# Explore the Gensim implementation

In [1]:
import numpy as np
import pandas as pd
from tqdm.notebook import tqdm

In [2]:
import warnings
warnings.filterwarnings("ignore")

In [3]:
import gensim.downloader as api
wv = api.load('word2vec-google-news-300')

## Similarity

In [4]:
pairs = [
    ('car', 'minivan'),   # a minivan is a kind of car
    ('car', 'bicycle'),   # still a wheeled vehicle
    ('car', 'airplane'),  # ok, no wheels, but still a vehicle
    ('car', 'cereal'),    # ... and so on
    ('car', 'communism'),
]
for w1, w2 in pairs:
    print('%r\t%r\t%.2f' % (w1, w2, wv.similarity(w1, w2)))

'car'	'minivan'	0.69
'car'	'bicycle'	0.54
'car'	'airplane'	0.42
'car'	'cereal'	0.14
'car'	'communism'	0.06


## Analogy

In [5]:
wv.most_similar(positive=['man','king'], negative=['woman'])
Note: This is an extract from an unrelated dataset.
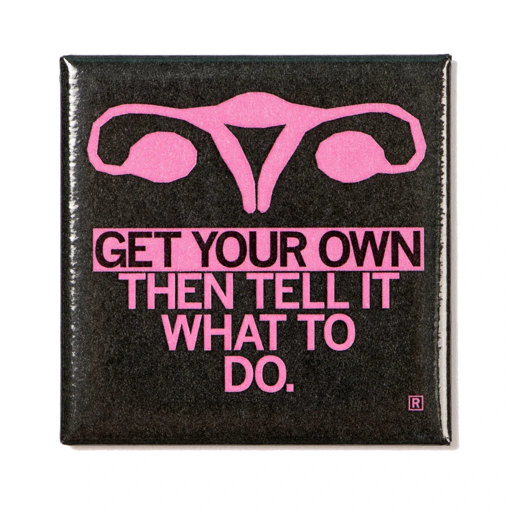 Get Your Own Uterus, Then Tell It What To Do. 2″ x 2″ Metal Magnet. Designed by RAYGUN and made by union labor at Garner Printing in Des Moines, IA.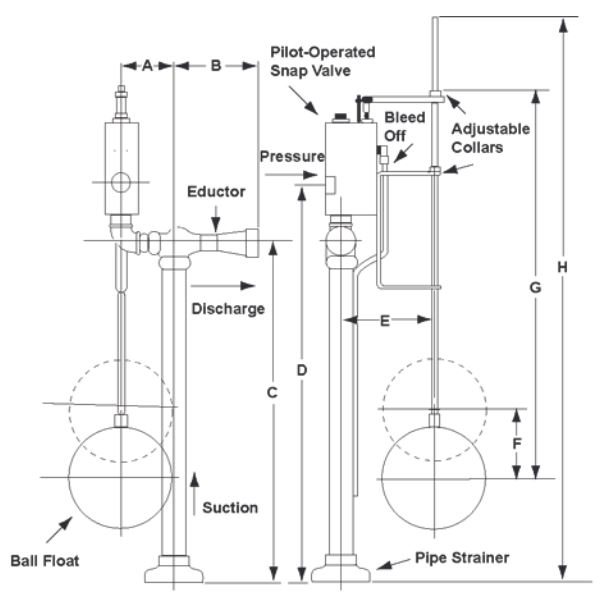 As the liquid in the sump (basin, tank, cellar, bilge, etc.) accumulates, it raises the ball float until the upward action of the float opens the snap-acting valve, admitting motive fluid into the pressure connection of the eductor.

[('kings', 0.6490574479103088),
 ('clown_prince', 0.5009064674377441),
 ('prince', 0.4854173958301544),
 ('crown_prince', 0.4816294312477112),
 ('King', 0.4721395969390869),
 ('ruler', 0.4700629711151123),
 ('sultan', 0.46399134397506714),
 ('undisputed_king', 0.463204026222229),
 ('princes', 0.4552575349807739),
 ('monarch', 0.45388489961624146)]

## Not matching

In [6]:
wv.doesnt_match("school professor apple student".split())

'apple'

## Context

In [7]:
wv.most_similar('buy')

[('sell', 0.8308461308479309),
 ('purchase', 0.7639905214309692),
 ('buying', 0.7209187150001526),
 ('bought', 0.7087080478668213),
 ('buys', 0.6617438793182373),
 ('Buy', 0.5850198268890381),
 ('tobuy', 0.5843993425369263),
 ('purchased', 0.5826955437660217),
 ('Buying', 0.578020453453064),
 ('acquire', 0.5730166435241699)]

In [11]:
wv.similarity('buy', 'money')

0.31760776

## Train a custom model

In [None]:
import gensim.models

In [None]:
sentences = _ # assume there's one document per line, tokens separated by whitespace
model = gensim.models.Word2Vec(sentences=sentences)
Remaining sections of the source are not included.